In this article we'll provide a summary of what PL/R is and how to get running with it. Since we don't like repeating ourselves,
we'll refer you to an article we wrote a while ago which is still fairly relevant today called Up and Running with PL/R (PLR) in PostgreSQL: An almost Idiot's Guide
and just fill in the parts that have changed. We should note that particular series was more geared toward the spatial database programmer (PostGIS in particular). There is a lot of overlap between the PL/R, R, and PostGIS user-base which is comprised
of many environmental scientists and researchers in need of powerful charting and stats tools to analyse their data who are high on the smart but low on the money human spectrum.
This series will be more of a general PL/R user perspective. We'll follow more of the same style we did with Quick Intro to PL/Python. We'll end our series with a PL/R cheatsheet similar to what we had for PL/Python.

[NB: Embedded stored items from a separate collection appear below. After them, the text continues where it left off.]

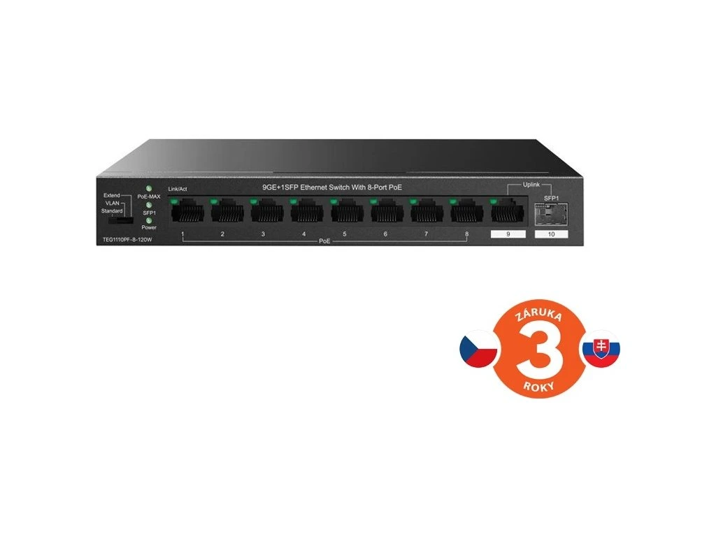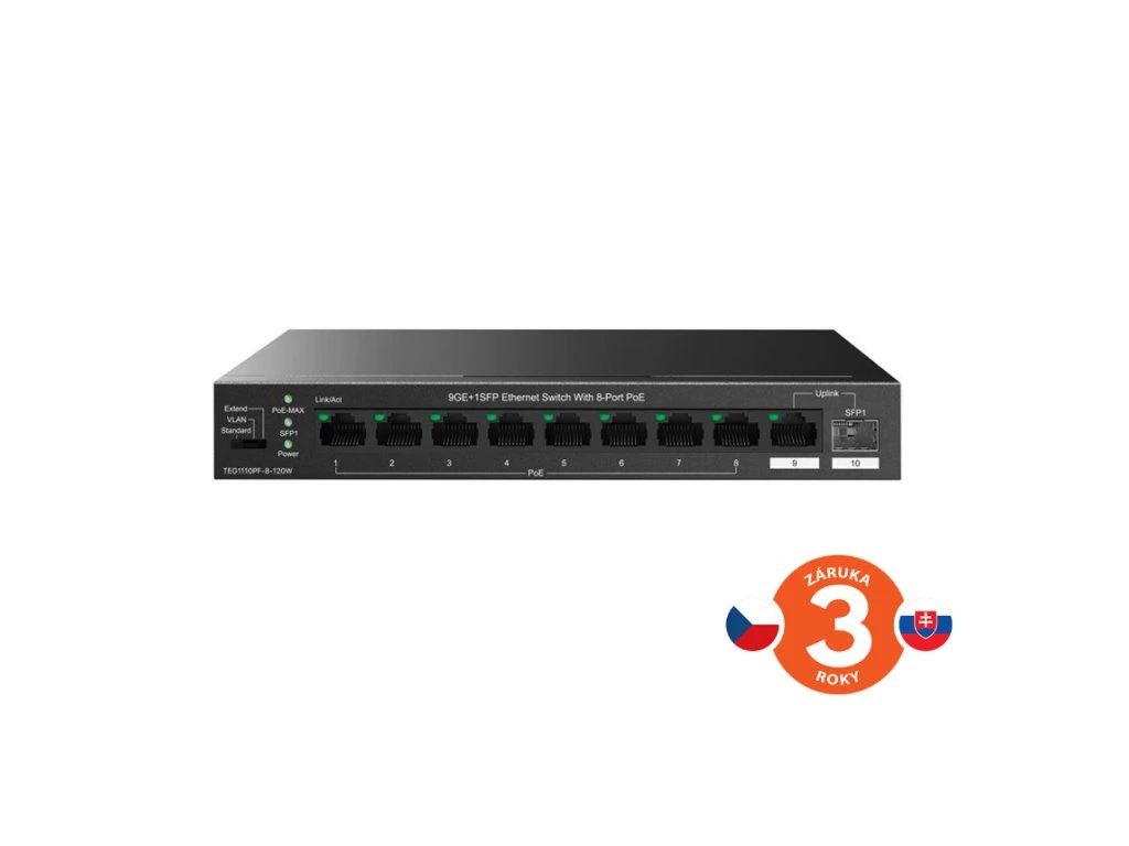 Tenda TEG1110PF-8-120W přepíná data pomocí 9 portů RJ45 a optického SFP slotu. 8 portů 10/100/1000 Mb/s podporuje napájení PoE802.3af/at, další 1 port RJ45 10/100/1000 Mb/s a SFP slot s rychlostí 100/1000 Mb/s jsou určeny pro Uplink. SFP moduly doporučujeme značky Signamax. Switch má ochranu proti přepětí 6kV. Podpora přepojování uzlů v módu Store-and-Forward. Full-duplex kontrola toku 802.3x, half-duplex kontrola toku v režimu Back-Pressure.
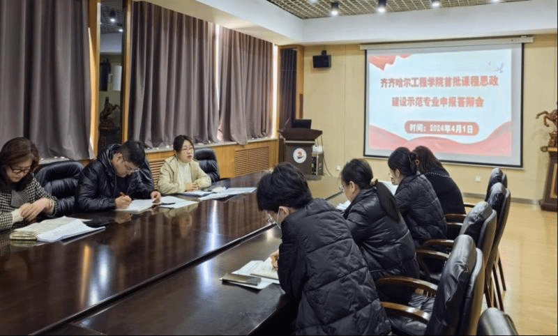为深入贯彻教育部及黑龙江省关于课程思政建设的指导精神,深化全校课程思政改革,发挥专业课程思政建设示范引领效应,齐齐哈尔工程学院课程思政教学研究示范中心决定开展首批课程思政建设示范专业申报工作。4月1日上午,在图书馆603南会议室召开了首批课程思政建设示范专业申报答辩会。副院长张静、评建办主任蒋春艳、教务处副处长李文禹、申报课程思政建设示范专业的负责人及所在部门教学副主任参加会议,会议由教务处副处长郝丽娜主持。
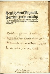 ► ÉDITION ORIGINALE INCUNABLE DU PRINCIPAL OUVRAGE DE PETRUS SCHOTTUS, CHANOINE STRASBOURGEOIS CONSIDÉRÉ COMME LE PREMIER HUMANISTE EN ALSACE.
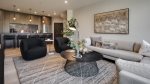 Clean lines and an open floor plan define the single level living in this contemporary space, with glamorous and thoughtful details that make this home entirely modern. Plenty of natural light from big windows opens into a large great room, complete with a wood-burning fireplace and stylish furnishings, the perfect place to catch up with friends and family. Access the patio for BBQ grilling and outdoor dining in summer, with beautiful treed and ski area views.
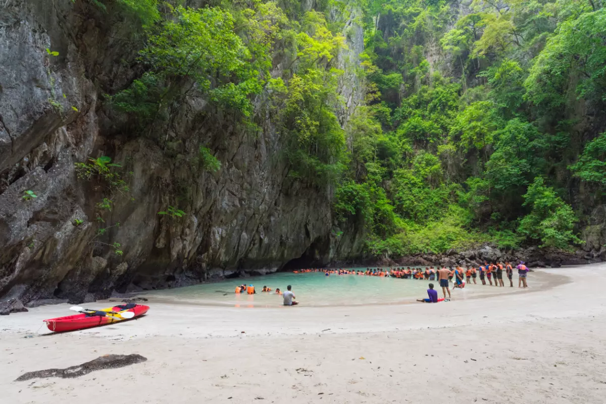 Det fina med Koh Mook är att du kan njuta av stranden på båda sidor av ön. Om du känner för aktiviteter eller utflykter kan du skämma bort dig själv med massage, hyra en kajak eller besöka öns stora attraktion Smaragdgrottan, som bara kan nås från vattnet. Här simmar du cirka 80 meter genom en tunnel. Den enda ljuskällan är i princip självlysande fiskar. Grottan ligger mitt på ön och när du kommer in i den öppnas ett hemligt litet paradis med sandstrand, gröna träd och klippor.
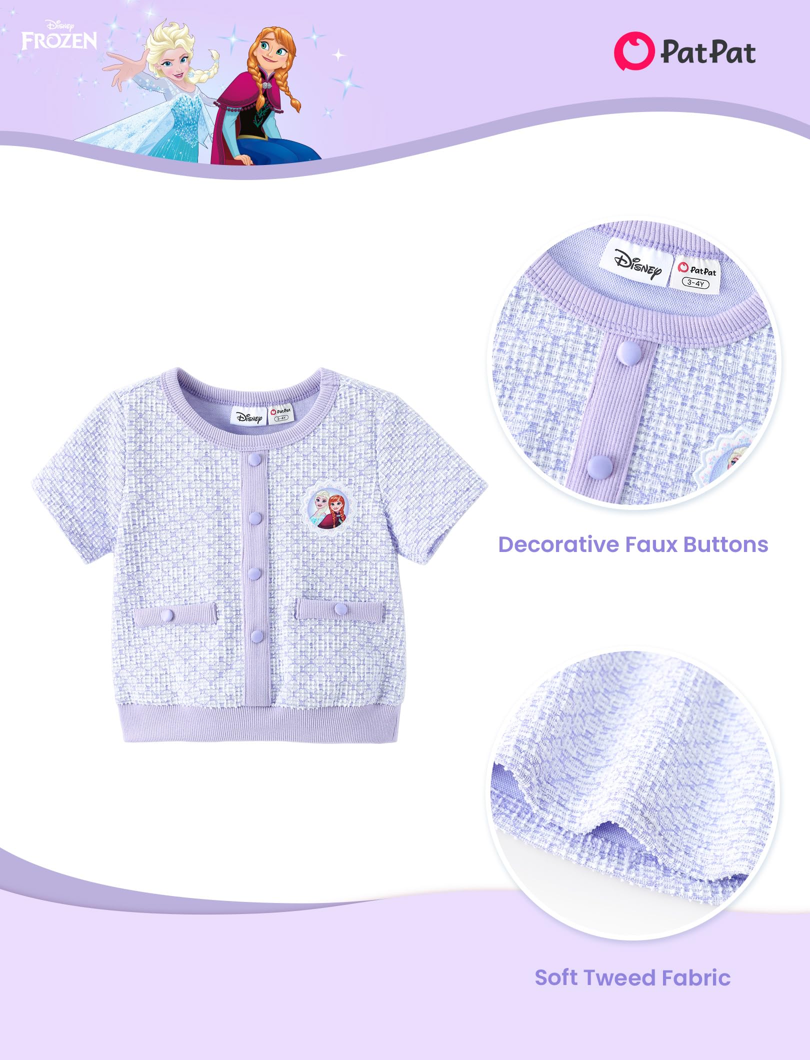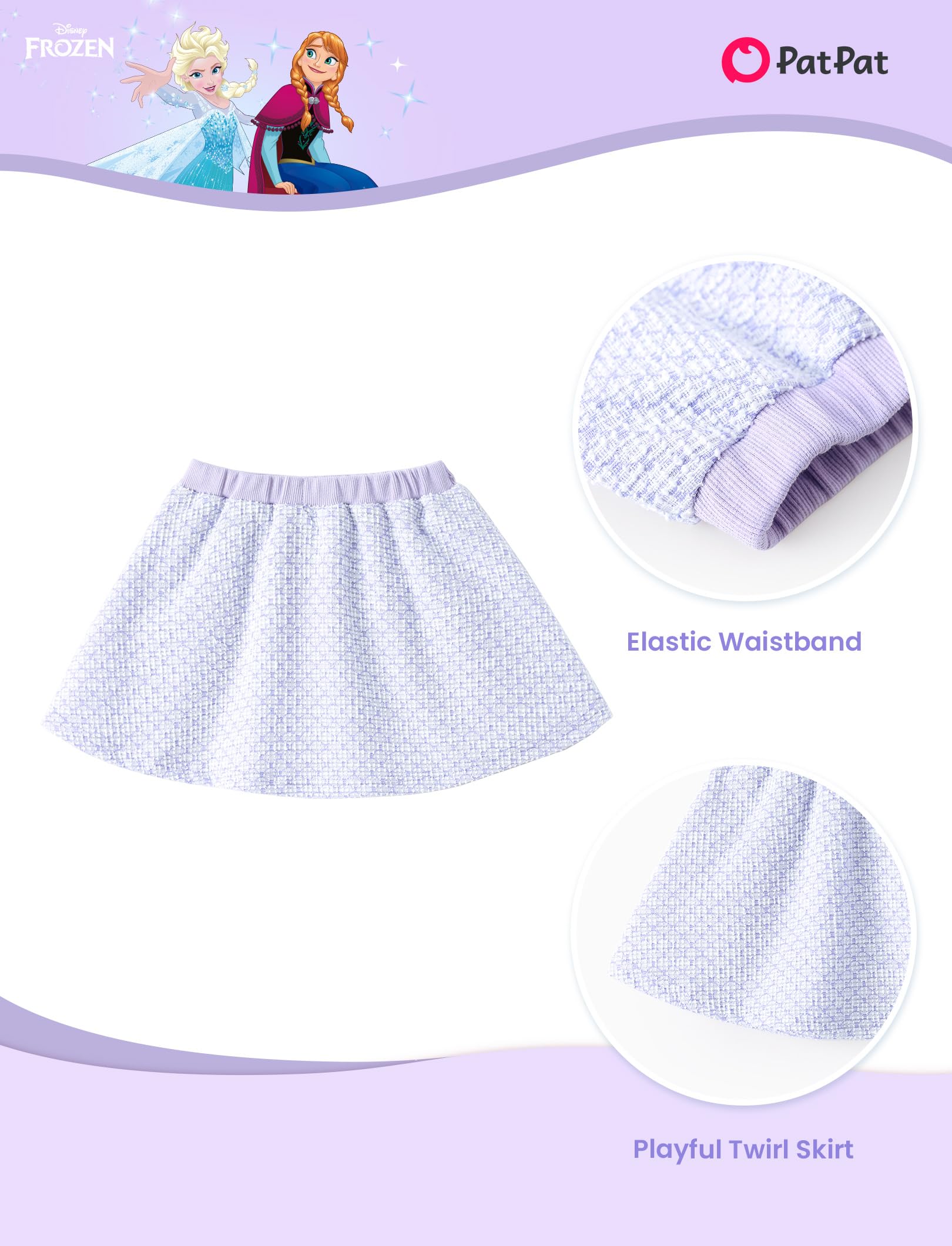 Elegant 2-Piece Design: This charming Disney dress for girls features a soft knit top in light lavender with an adorable Elsa and Anna graphic, paired with a flared, pleated skirt made from the same textured fabric. The breathable material ensures comfort for active toddlers, making it an ideal choice for any occasion, from everyday wear to Frozen birthday party decorations
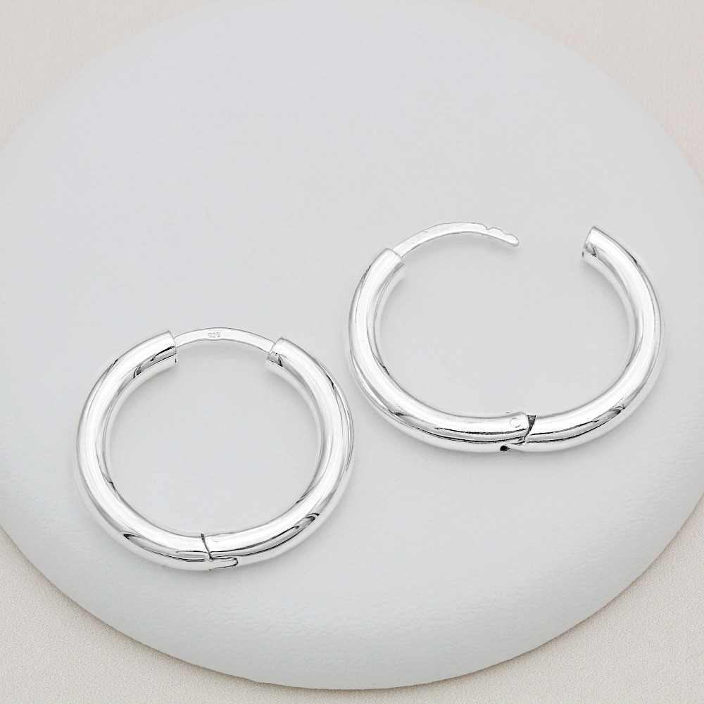 Elevate your everyday style with these classic Sterling silver hoops. Crafted from high quality Sterling silver, these sleek and polished hoops offer a minimalist yet sophisticated look that complements any outfit. Their lightweight design ensures all-day comfort, making them a versatile accessory for both casual and formal occasions.
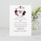 Ce faire-part de mariage monogramme floral illustré d'aquarelle est parfait pour un mariage moderne. Le design est composé d'une aquarelle artistique peinte à la main bleu marine, bordeaux, rouge, roses et pivoines avec d'élégants feuilles verts et une couronne, inspirant la beauté idyllique colorée de l'automne.
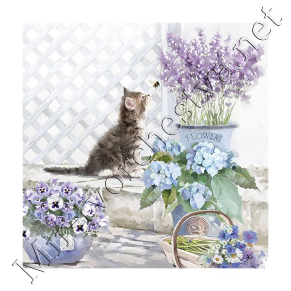 Декупажная салфетка "Котик и цветы", 33*33 см, 18,5 г/м2, Abiente

As stated in our State of PostGIS article, we'll be using log files we generated from our PostGIS stress tests. These stress tests were auto-generated from the PostGIS official documentation.
The raster tests are comprised of 2,095 query executions exercising all the pixel types supported. The geometry/geograpy tests are comprised of 65,892 spatial SQL queries exercising every PostGIS geometry/geography supported in PostGIS 2.0 -- yes this includes TINS, Triangles,Polyhedral Surfaces, Curved geometries and all dimensions of them.
Most queries are unique. If you are curious to see what these log tables look like or want to follow along with these exercises, you can download the tables from here.
What is R and PL/R and why should you care?
R is both a language and an environment for doing statistics and generating graphs and plots. It is GNU-licensed and a common favorite of Universities and Research institutions. PL/R is a procedural language for PostgreSQL that allows you to write database stored functions
in R. R is a set-based and domain specific language similar to SQL except unlike the way relational databases treat data, it thinks of data as matrices, lists and vectors. I tend to think of it as a cross between LISP and SQL though more experienced Lisp and R users will probably disagree with me on that. This makes it easier in many cases to tabulate data both across columns as well as across rows.
The examples we will show in these exercises, could be done in SQL, but they are much more succinct to write in R. In addition to the language itself, there are a whole wealth of statistical and graphing functions available in R that you will not
find in any relational database. These functions are growing as more people contribute packages. Its packaging system called Comprehensive R Archive (CRAN) is similar in concept to Perl's CPAN and the in the works PGXN for PostgreSQL.